I wasn't using most of the response anyway; all I cared about was the commit hash, the message, and the date. I'd never used GraphQL before, but I knew that it could be used in situations like this, where you wanted to request only particular data from an endpoint.
So I learned enough about GraphQL and GitHub's API to request only the commit data I cared about.
This sped up the page a bit locally but not in production on Vercel. It was still taking about 3 seconds.
Fifth Attempt: Timeout / Fallback to Cache
"Well, if it's loading fast enough locally, but not remotely, maybe I can set a timeout threshold?"
My thought was that I could cache a "stale" version of the page to display if the "live" version of the page took too long to load. Maybe longer than 500ms or so.
So I would now generate a cache when building locally, and save the cache to the repo. In production, I would attempt to request fresh data from GitHub, but if it took longer than 500ms, I would fall back to the cache.
...but it still took 3 seconds to render the page remotely.
"Why?" I thought, pulling my hair out in frustration.
Other project pages loaded quickly... maybe Vercel was just (somwehow?) slow to process this 600-line JSON file, generate the hundreds of components for it, style all of them, and display them.
I found issues on the
vercel repo of people complaining about similar problems. Maybe it just took a few seconds for Vercel to spin up a runner to render the page? (That didn't seem to square with the load times of the other project pages.)
I took solace in the fact that other people on the Internet also thought that
getServerSideProps is weird and unintuitive.
I was beginning to lose the will to live... all I wanted was a blog.
I took a breather and came back to it all after a little while.
"What is it I actually want?"
- up-to-date commit histories
- fast page loads
The problem was that those two things were -- if not mutually exclusive, at least -- in competition with each other. Up-to-the-second commit histories would require a request to GitHub as soon as the user requested the project page. Which meant that all of the data fetching, and processing, and rendering would have to be done quickly.
This didn't seem like too big of an ask to me, but apparently it was. Maybe it was my code, maybe it was the Lambda cold start times, maybe it was something on Vercel's end... whatever it was, it was pinning me to 3-second page load times.
"Maybe I can request and process most of the history in advance, then only request recent history when a user clicks on a page?"
This sounded overcomplicated, though. (Unlikely, but) what if a project had had 100 new commits since I last deployed my website (and generated the cache)? Then I would have the same problem: trying to request and render 100 commits onto this history page.
So I compromised, and came up with a simpler solution:
This solves the load time issue -- by the time we get to production, the pages will have already been generated, so nothing needs to be done except displaying them.
But this means that we will not have an up-to-date commit history.
accept that the commit history will not be up-to-date
I'd already sunk so much time into this, I was ready to compromise.
Nobody coming to my website will care if my commit histories are slightly out of date.
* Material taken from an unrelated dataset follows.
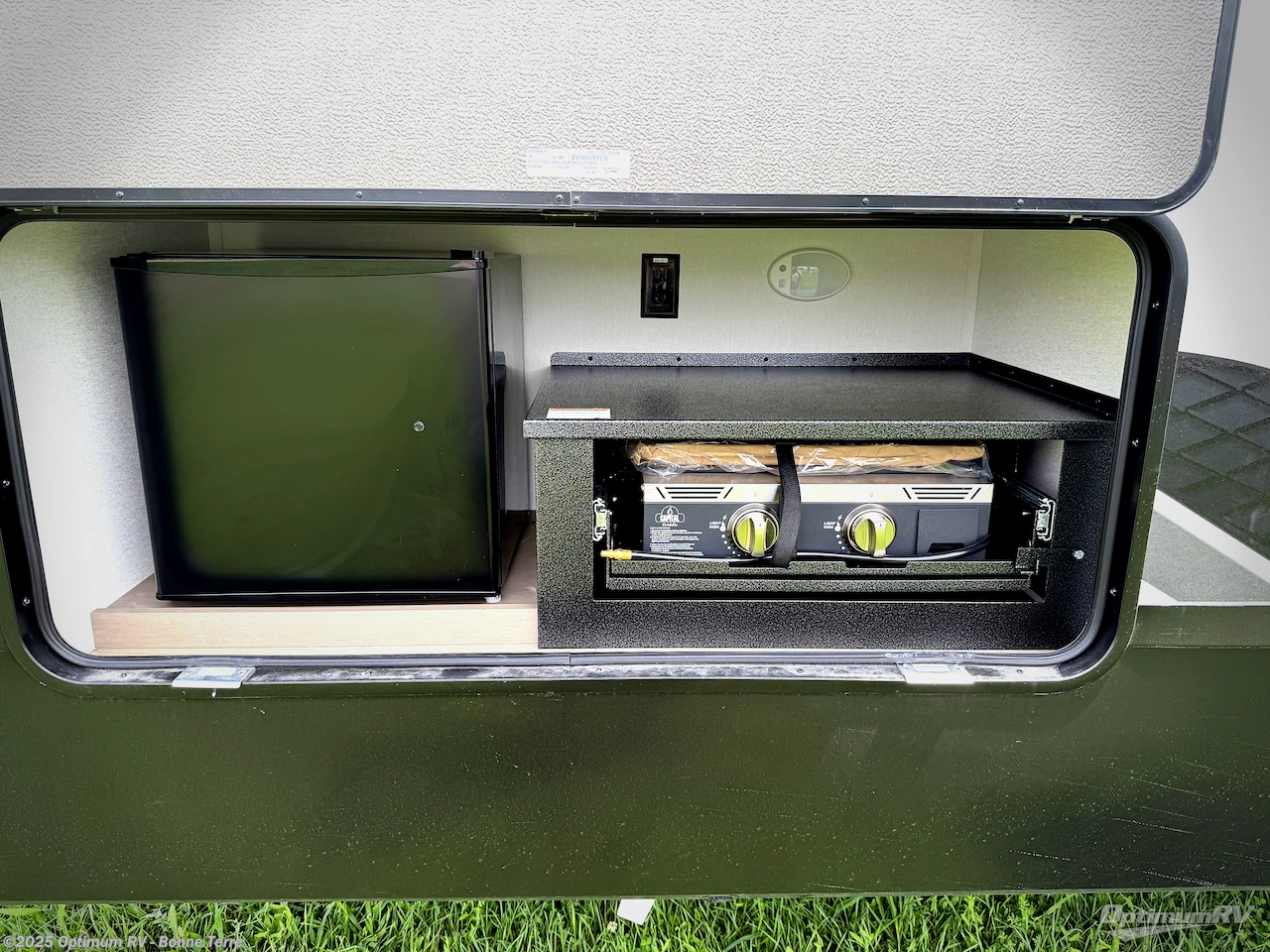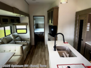 There is a whole lot to love about this fifth wheel! The front private bedroom has a queen bed to lay your head on at night, a slide with drawers and a linen closet, and even an entrance into the dual entry bathroom. The second private bedroom has a 54" x 74" top bed above a queen bed, a slide with a closet and drawers, and its very own half bathroom. The chef will have an easy time preparing delicious home cooked meals with the kitchen island, plus there is an outside kitchen complete with a 4.1 cu. ft. refrigerator to enjoy a cold beverage while you grill on the griddle. Enjoy a relaxing evening indoors either playing games at the booth dinette or on the theater seating across from the entertainment center with a fireplace and 40" TV. You could even switch out the seating for an optional tri-fold sofa or the dinette for an optional swivel dinette!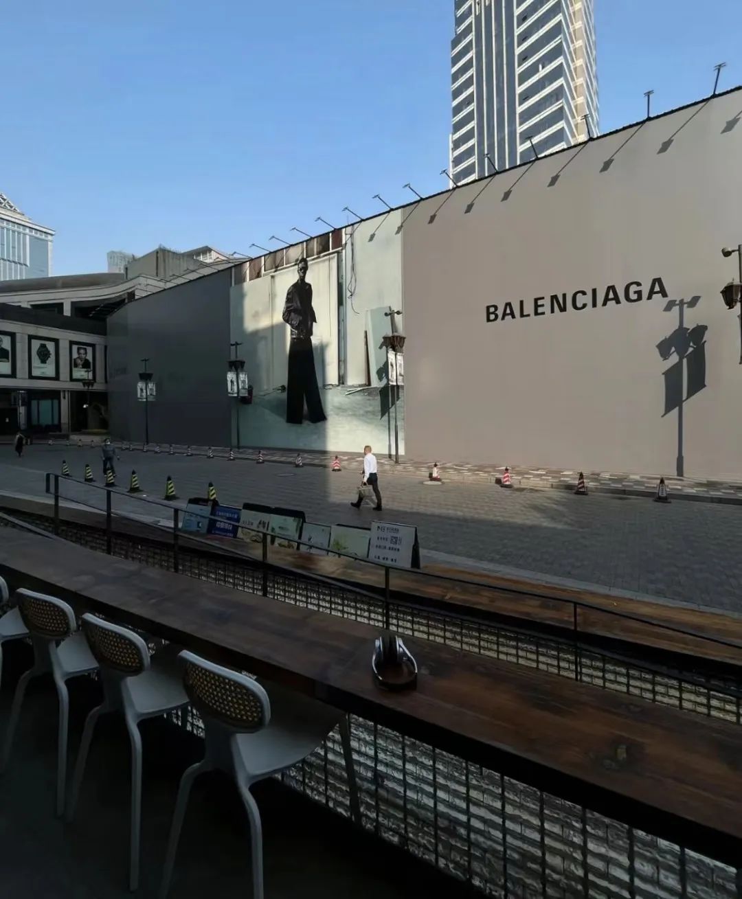 這個圍擋的后面,是巴黎世家在上海興業太古匯商場開設的新門店。這家門店占地近千平,建成后或將成為巴黎世家在中國最大的零售門店。空前的門店面積為圍擋帶來了格外開闊的外立面,配上巴黎世家簡潔的 logo 和充滿高級感的模特畫報,毫不費力地營造出一種異國情調。因此,這個圍擋吸引了大批年輕人前來打卡,更是成為了時尚潮人們展示風格的「街頭秀場」。

So I decided to just put a disclaimer at the top and bottom of the histories, saying something like "for the most up-to-date commit history, see GitHub".
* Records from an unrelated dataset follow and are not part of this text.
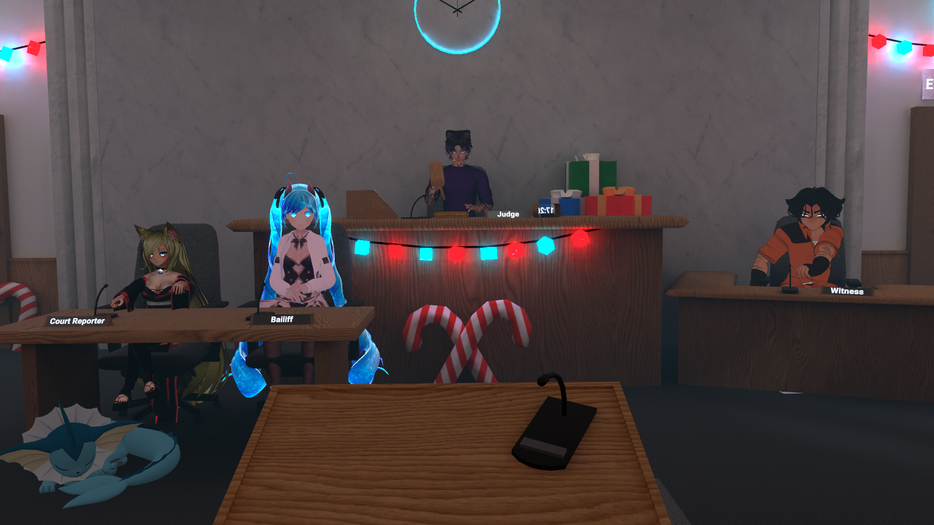 Alors n'hésitez pas à venir, que ce soit pour jouer l'accusé sur des scénarios prévus, les avocats, ou même les victimes, ou si vous désirez juste être dans le public pour cette émission du Tribunal de VRChat !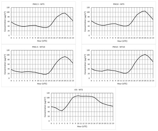 The mean diurnal variations of PM2.5 and PM10 concentrations for WTs 5 and 10 and O3 concentration for WT2 are presented in Figure 3. It is shown that, in terms of PM2.5 and PM10, the maximum concentration appeared in the evening and exceeded 90 and 100 mg/m3, respectively, for both WTs. This is connected to the increased biomass burning for house heating purposes in the evening. In terms of the diurnal variation in O3 concentration, the maximum was found during the day and specifically during periods of intense solar radiation, as expected for a photochemical pollutant like ozone.
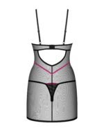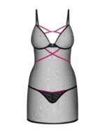 Прозорий пеньюар із декоративними рожевими шлейками Obsessive Novenes та трусики, XS/S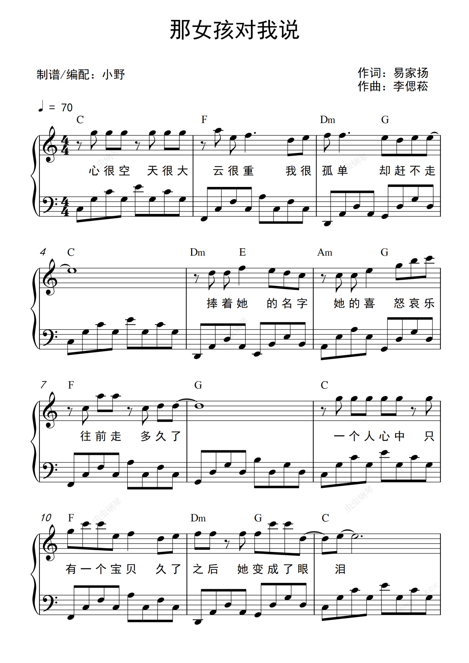 钢琴谱:那女孩对我说

Now, we can generate pages in advance, keep load times to basically zero, and we don't have to worry about complex caching solutions, or what environment the build is running in, or GitHub rate limits, or anything.
My compromise was that my time and energy were worth more to me than having this one feature on my website be exactly the way I had envisioned it initially.
Software Development is About Compromise
In my case, I tried and tried to get my website to do what I wanted it to, but my two requirements: up-to-date commit histories and fast loading times, were in direct competition with each other.
Having an up-to-date history will require a request when the user clicks the button, and processing the result of that request, which will take time.